What came back. Because they were bringing them along and I would stand up and say “Who has brought something back?”. Well “Is it good enough?” Always “Is it good enough?”. I thought, come on – yes it is. If it isn’t we’ll just disguise it and then they would bring out this totally, brilliant, amazingly dressed people. Really good. The care and the thought behind some of them really amazing.

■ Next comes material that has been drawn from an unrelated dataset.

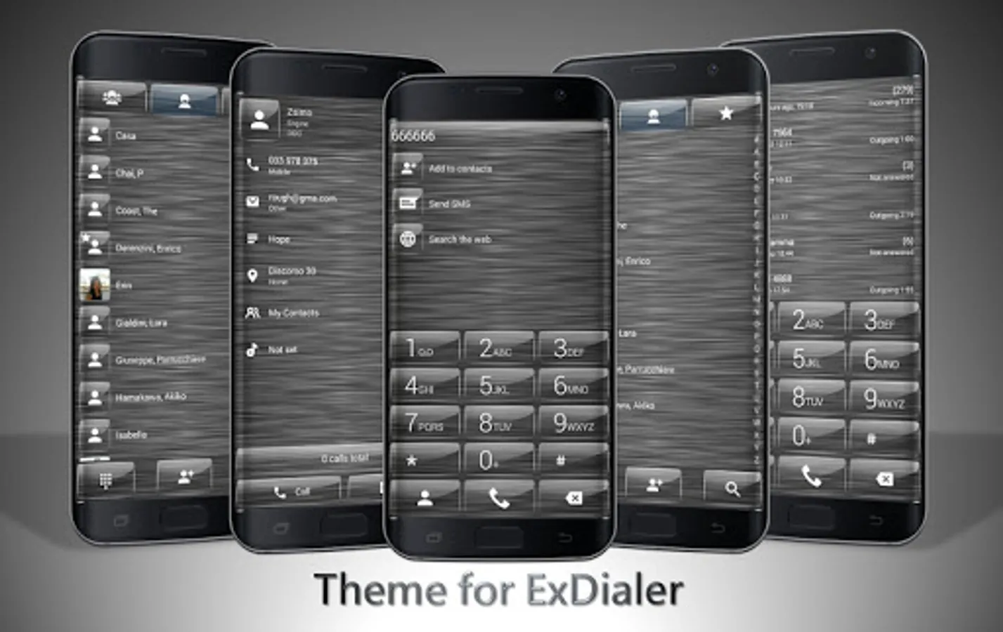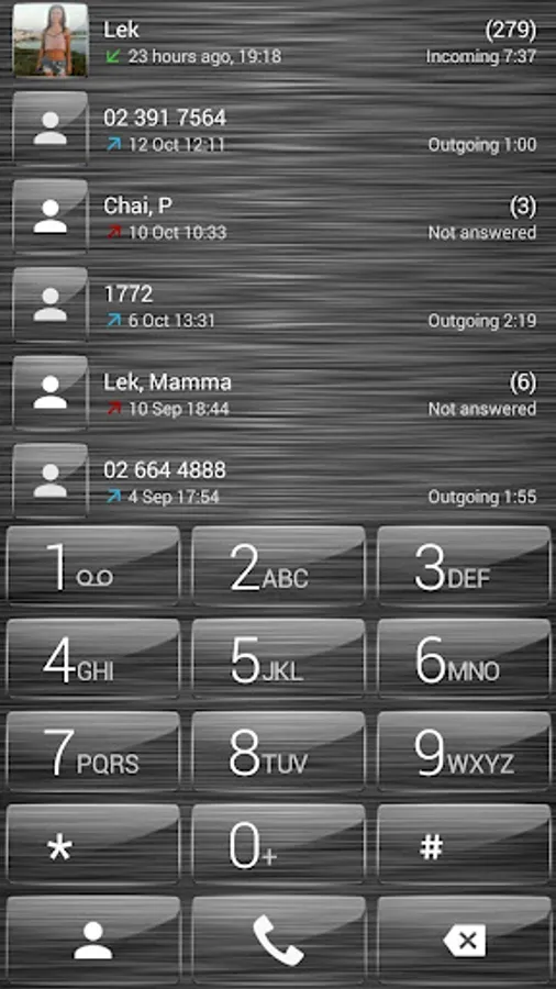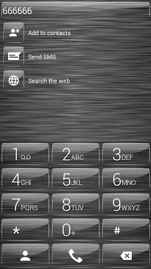 This theme will give your phone dial-pad a different look with transparent glass buttons and brushed metal background.

So that was the people bit. The house was then divided into ten sections which are all equal and the main tower in the middle. And so, I did come up here several times to work out what colour the bricks were or the stones were and it changed with the light. I took photographs obviously, pictures from the internet and this had to fit in the space it needed to, so you could see it and it had to be able to be constructed. And what I then had to do was work out the stitch for people to use and give them. I did small samples and so there were ten kits made. So that was the house; so that went away and came back in bits and pieces. Then we had the portraits across the top cause that was obviously important and because part of the thinking initially was you’ve got the people who live in the house in terms of the people who own it, a house like this, which is supported by an incredible number of servants.